With apologies to Virginia Woolf,
After reading this article, I should conclude that in my day women were treated this way quite often. Women were merely objects similar to houses or pets, and could certainly not easily own property. In my written work, “A Room of One’s Own,” I discuss how a woman in Shakespeare’s position would not have stood a chance at recognition for her talent as he had. She indeed would not have been up to producing such works of genius because women in that time and mine were not allowed the education that men were. We were merely expected to run a household, bear children and live our days that way until our death. To come back to the article aforementioned, women here are described trading sex for green cards when money could not be found to use. In my book, I mention how beating women was, in certain circumstances considered acceptable such as if a woman refused an arranged marriage. Marriage was rarely based on true love, but on a pact set between the families from soon after the children’s birth. Here I quote from my work a passage most fitting in this circumstance of subject matter.
“Indeed, if women had no existence save in the fiction written by men, one would imagine her a person of the utmost importance; very various; heroic and mean; splendid and sordid; infinitely beautiful and hideous in the extreme; as great as a man, some think even greater. But this is a woman in fiction. In fact, . . . she was locked up, beaten and flung across the room” (Woolf 45).
This passage can be related to the trapped feeling women in this article feel when they want a green card but have no money. The women are pressured by immigration agents, who are the law enforcement to trade their bodies for United States citizenship. It shows that little has changed since my time where women were regarded more as property than people.
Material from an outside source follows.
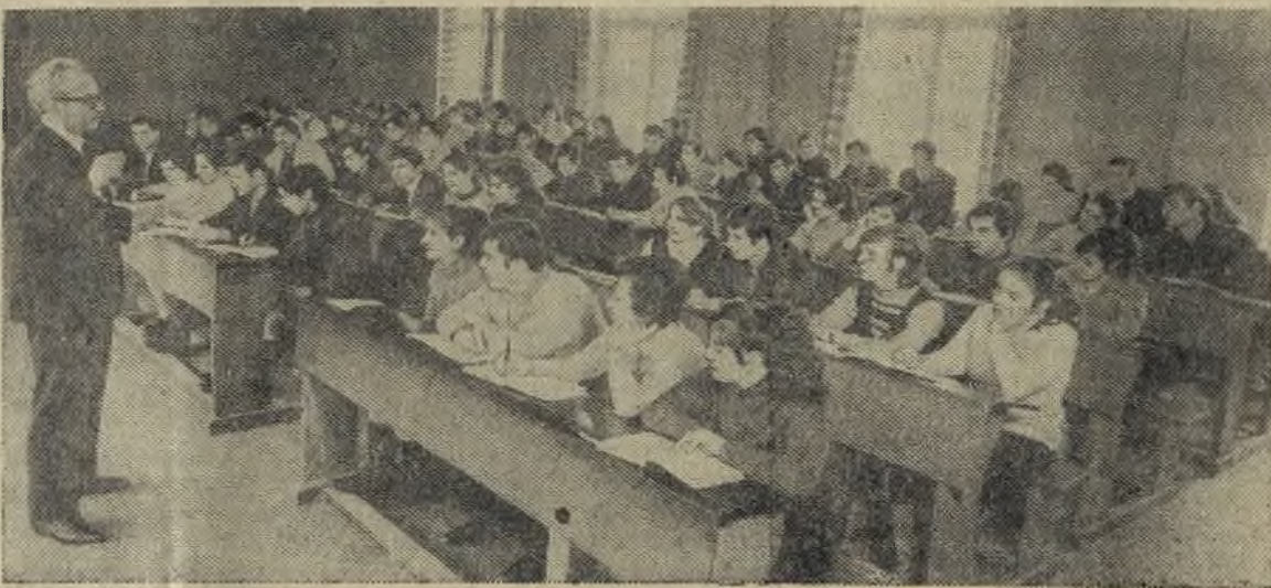
В БРАТСКОЙ СЕМЬЕ НАРОДОВ СССР

Юго-Осетинская автономная область, входящая в состав Грузинской ССР, 20 апреля 1972 года праздновала свое 50-летие.
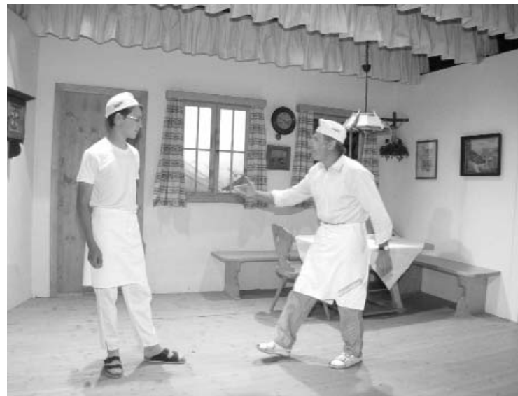
Bäckermeister Sriezel Die Brotbruderschaft, die dieses Theaterstück veranstaltete, hat den Reinerlös Bäckerkollegen in Oberösterreich zukommen lassen, die durch die Hochwasser Katastrophe 2002 ihre Existenz verloren haben.

Brotbruderschaft in Zusammenarbeit mit Industrie und Gewerbe für Lehrmittel sorgen, die den Schulen zur Verfügung gestellt werden und über den volkswirtschaftlichen, gesundheitsbewahrenden und kulturellen Wert des Brotes Auskunft geben. So wird etwa an die Herausgabe einer "Brotfibel" gedacht. Von Zeit zu Zeit trifft sich der Bruderschafts-Vorstand in seinem Vereinslokal. Geplant sind die Verkostung neuer Brot-Kreationen sowie der Vortrag literarischer und musikalischer Beiträge zum Thema Brot.

While glancing over the text of chapter four I recalled how I had written of how means by way of money helped women find their voice in my day. All the notable woman writers were wealthier, which thus allowed them their solitude and accordingly helped produce some of the notable books of my age. Means and solidarity were by no means easy to come upon however; women were either left land in a will or inherited money from a relative. Breaking from the harsh mold of society was a task worthy of recognition for not many succeeded in doing just that.